Oleh : Meidy Mahdavikia

Publik baru-baru ini dikejutkan oleh pernyataan Menteri Keuangan Sri Mulyani yang menyamakan kewajiban pajak dengan zakat dan wakaf. Menurutnya, pajak adalah bentuk kontribusi yang sama pentingnya dengan dua ibadah tersebut. Pernyataan ini dikutip dari CNBCIndonesia.com (14/08/2025), yang disampaikan beliau di tengah melemahnya penerimaan pajak negara.

Untuk menambah pemasukan, pemerintah mengajukan usulan sepuluh jenis pajak baru, termasuk pajak warisan, pajak karbon, hingga pajak rumah ketiga, dengan target tambahan penerimaan sebesar Rp388 triliun dilansir dari CNNIndonesia.com (12/08/2025). Tidak hanya itu, tarif pajak lama seperti Pajak Bumi dan Bangunan (PBB) juga dinaikkan berkali-kali lipat.

Sementara itu, CNBCIndonesia.com (15/08/2025) melaporkan bahwa Wakil Menteri Keuangan Anggito Abimanyu menegaskan tantangan penerimaan pajak di tahun 2026 semakin berat. Hal ini disebabkan basis pajak yang sempit, tingkat kepatuhan yang rendah, serta meningkatnya kebutuhan pembiayaan negara. Keresahan masyarakat pun makin meningkat karena pajak kian mencekik mereka, sementara hasilnya tidak langsung dirasakan rakyat kecil.

Rakyat Menanggung, Kapitalis Menikmati

Fenomena ini lahir dari penerapan sistem kapitalisme sekuler yang menjadikan pajak sebagai tulang punggung penerimaan negara. Pada saat yang sama, sumber daya alam (SDA) yang seharusnya menjadi milik rakyat justru diserahkan kepada swasta atau korporasi besar. Akibatnya, negara kehilangan sumber pendapatan strategis dan akhirnya bertumpu pada pajak yang dipungut dari rakyat.

Rakyat kecil yang semestinya dilindungi justru semakin terbebani. Pajak dipungut dari seluruh kalangan tanpa mempertimbangkan kemampuan. Bahkan, mereka yang berpenghasilan pas-pasan tetap dikenakan pajak, sedangkan para pengusaha besar kerap memperoleh fasilitas khusus, insentif, atau keringanan melalui kebijakan seperti tax amnesty.
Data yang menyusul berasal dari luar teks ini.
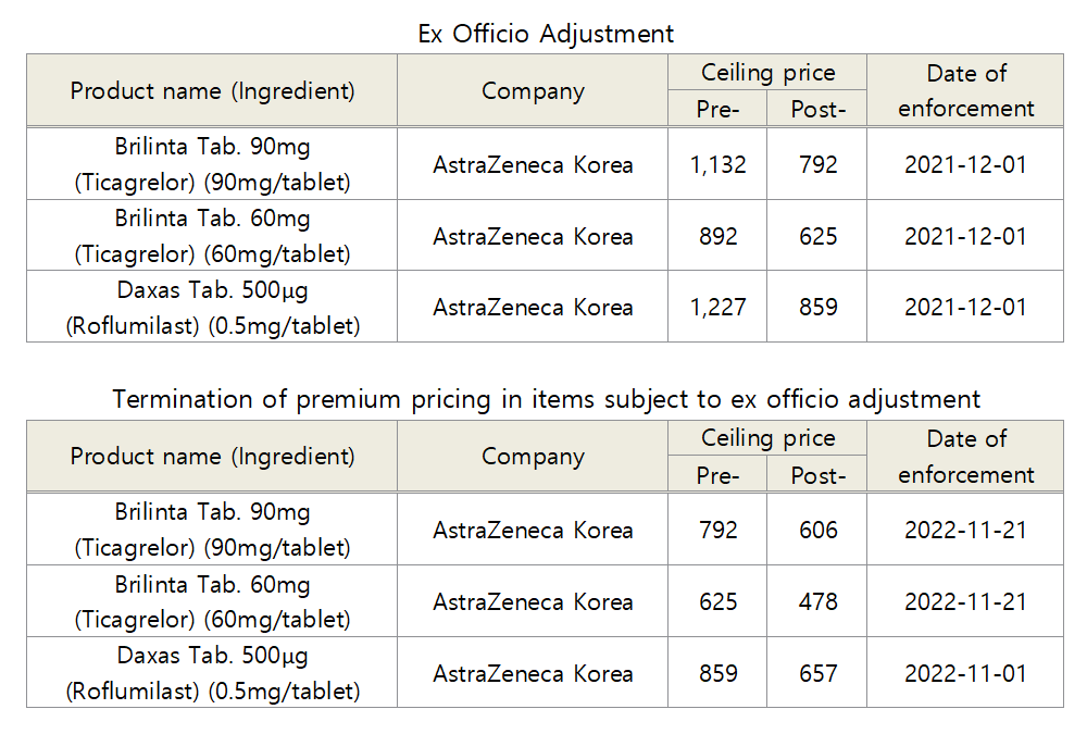 The price of Brilinta will be reduced by 23.5% for each dose from November 21st, 2022, and the price of Daxas 500μg will be reduced by 23.5% from November 1st, 2022.

Dalam praktiknya, kebijakan pajak ini bersifat zalim. Harta diambil dari rakyat yang lemah, namun manfaatnya sering kali diarahkan pada pembangunan yang lebih menguntungkan kaum kapitalis. Alih-alih menyejahterakan masyarakat miskin, pajak justru menambah jurang ketimpangan.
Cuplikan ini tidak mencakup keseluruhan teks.